Liverpool: Focolare celebrate 50 years in Britain
On Saturday, 26 October, Liverpool Hope University welcomed a 400-strong gathering to mark the 50th anniversary of the Focolare Movement’s arrival in Britain in November 1963. Liverpool was the Focolare’s first centre and from there spread to other parts of the country. It was a very different ecumenical context that welcomed the first group to a city which had known its share of sectarian differences. Three local Anglican clergy were instrumental in the Focolare’s arrival alongside Canon Bernard Pawley, the Anglican Observer at the Second Vatican Council.
It was Canon Pawley who suggested to the Dean of the Anglican Cathedral in Liverpool that he invite Focolare founder, Chiara Lubich, to speak in the Cathedral to a group of Anglican Clergy. At the same time he also mentioned the idea to Pope Paul VI in a private audience and gained papal approval for this event which took place in November 1965.

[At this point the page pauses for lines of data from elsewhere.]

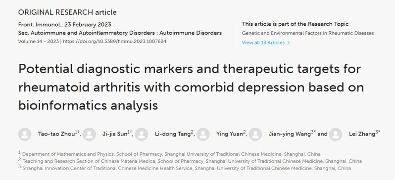 近日,中心张磊慢病组学团队联合中药学院数理团队在类风湿关节炎合并抑郁症的潜在诊断标志物及治疗靶点方面取得了重要进展。该研究成果发表于国际主流期刊Frontiers in Immunology(IF=8.786),题为“Potential diagnostic markers and therapeutic targets for rheumatoid arthritis with comorbid depression based on bioinformatics analysis”。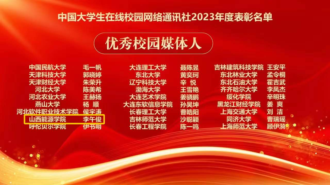世界杯官网矿业工程系学生李午俊获“优秀校园媒体人”荣誉称号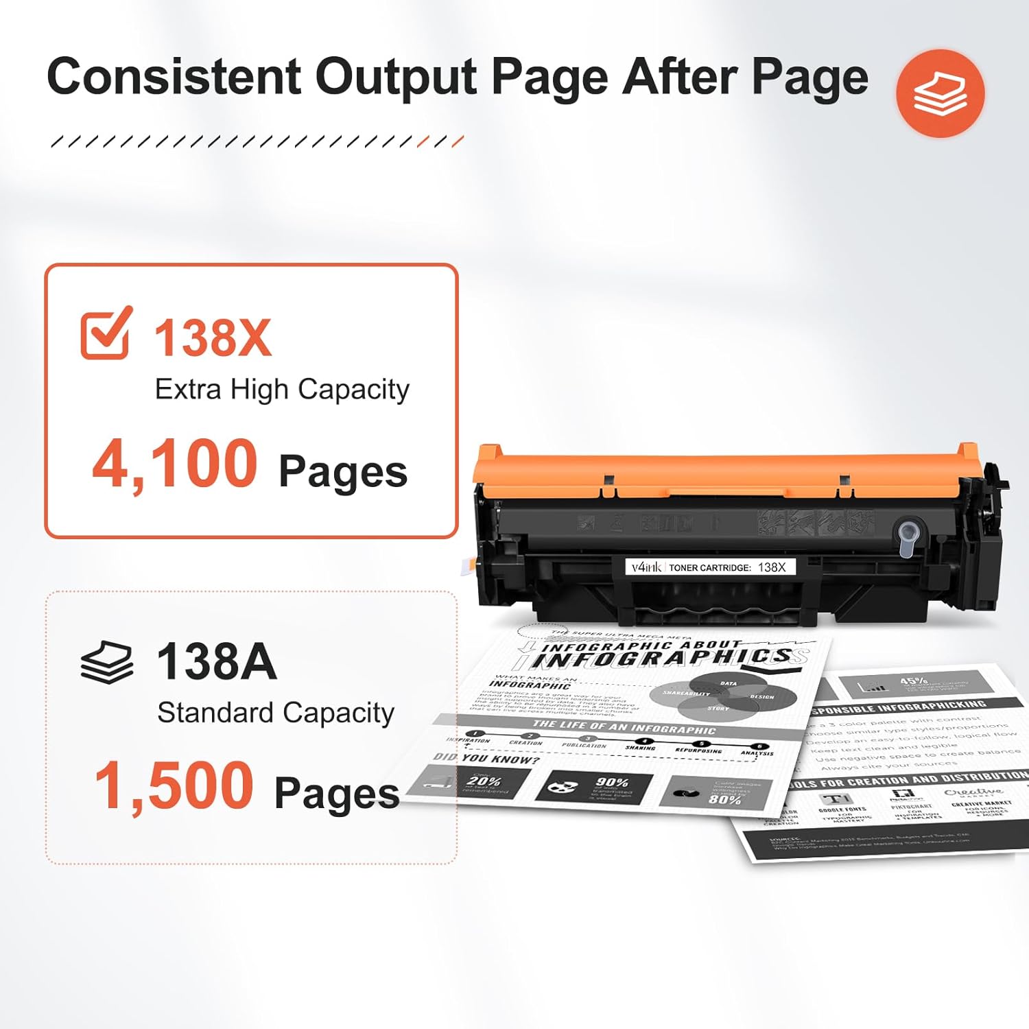 - Print More, Spend Less: 4,100 pages per v4ink 138X Black toner cartridge at 5% coverage (Letter/A4). More than 2X the other 138A W1380A toner cartridge Page Yield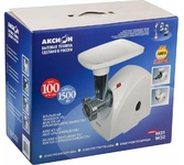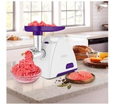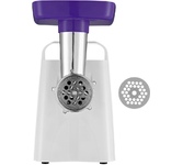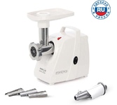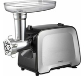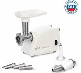 Макс. мощность 1500 Вт, номинальная мощность 230 Вт, производительность — до 100 кг/час, Защита двигателя от перегрузки; 3 вида решеток для получения фарша разной консистенции - с диаметром отверстий 4,9 мм и 7 мм, а также овальными отверстиями; Удобное хранение ножей и решеток; Высокое размещение шнековой камеры; Функция РЕВЕРС для предотвращения наматывания жилок на шнек; Устойчивые нескользящие ножки для фиксации мясорубки на поверхности стола.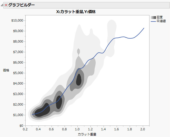データが多いほど、その領域は濃く表示されます。ダイヤモンドの特性を示した等高線図で十字ツールを使用し、以下のことを確認してみましょう。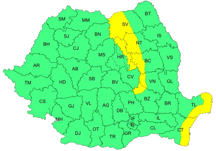 Totodată, este în vigoare și o atenționare cod galben de vânt pentru Carpații Orientali și zona litoralului, valabilă până în această seară la ora 22:00.

Revd Dr Kirsty Thorpe, recent Moderator of the United Reformed Church, reminded those present, ‘It is easy for us, 50 years later and living in such a different climate for inter-church relations, to underestimate just how radically unusual this event was. For a woman to address a gathering of men was relatively rare in those days, wherever it happened ... and in early 1960s, clergy were not known to sit and listen to a lay person as a main speaker ...’.
In her diary for that day, 17 November, Chiara Lubich remarked on the poignancy of the name, Hope Street, which connects the Anglican Cathedral to the Catholic Cathedral (still under construction at that time) and expressed a heartfelt prayer that, with faith, the ‘mountains’ of lack of understanding between the churches might be moved (cf Mt 17:20).
Today too, the word ‘hope’ continues to link Focolare very much to Liverpool.
In his keynote address to Saturday’s gathering, Professor Gerard Pillay, Vice-Chancellor of Liverpool Hope University, reminded those present that the last honorary doctorate Chiara Lubich received, just two months before she died in March 2008, was from Liverpool Hope in recognition for her work of dialogue in ecumenism, in interfaith and with contemporary culture.
Professor Pillay paid tribute to her work describing Focolare as ‘not institutionally focused, not empire building but part of the spreading out goodness all over the world ... Chiara Lubich, from the very beginning was outward looking.’ He recalled the words of the Ecumenical Patriarch Bartholomew who said on her death, ‘there are some people whose life touches lives so universally that upon their passing away they remain an indelible inspiration of grace. One such life, a life worth living and well worth remembering is that of Chiara Lubich’.
Professor Pillay went on to outline the strong bonds between the University and Focolare’s charism saying, ‘We at this university are drawn to a charism of seeking unity because of our ecumenical commitment. Liverpool Hope University is the only ecumenical Foundation in Europe which has brought together Christians from both divides, not achieved since the sixteen century. It is a peculiar Liverpool achievement for which we are all grateful ... Ecumenism is not just the bringing of different peoples together ... Ecumenism is seeking the common Christian purpose, the common ecclesial mind. And in seeking this unity we transcend the values we represent. True ecumenism is not equal space for everybody. True ecumenism is where the unity is greater than the sum of all the individual denominational parts. That’s the lesson we have to constantly learn.
Chiara Lubich believed that dialogue (which for the university is rational discourse and living in peace) is the privileged way to promote the unity of the Church among religions and non religious people, without syncretism. It is not just a muddling together of everything for something palatable. It is the openness to all people while being faithful to one’s own identity. That is the deep wisdom of Chiara Lubich’s vision.’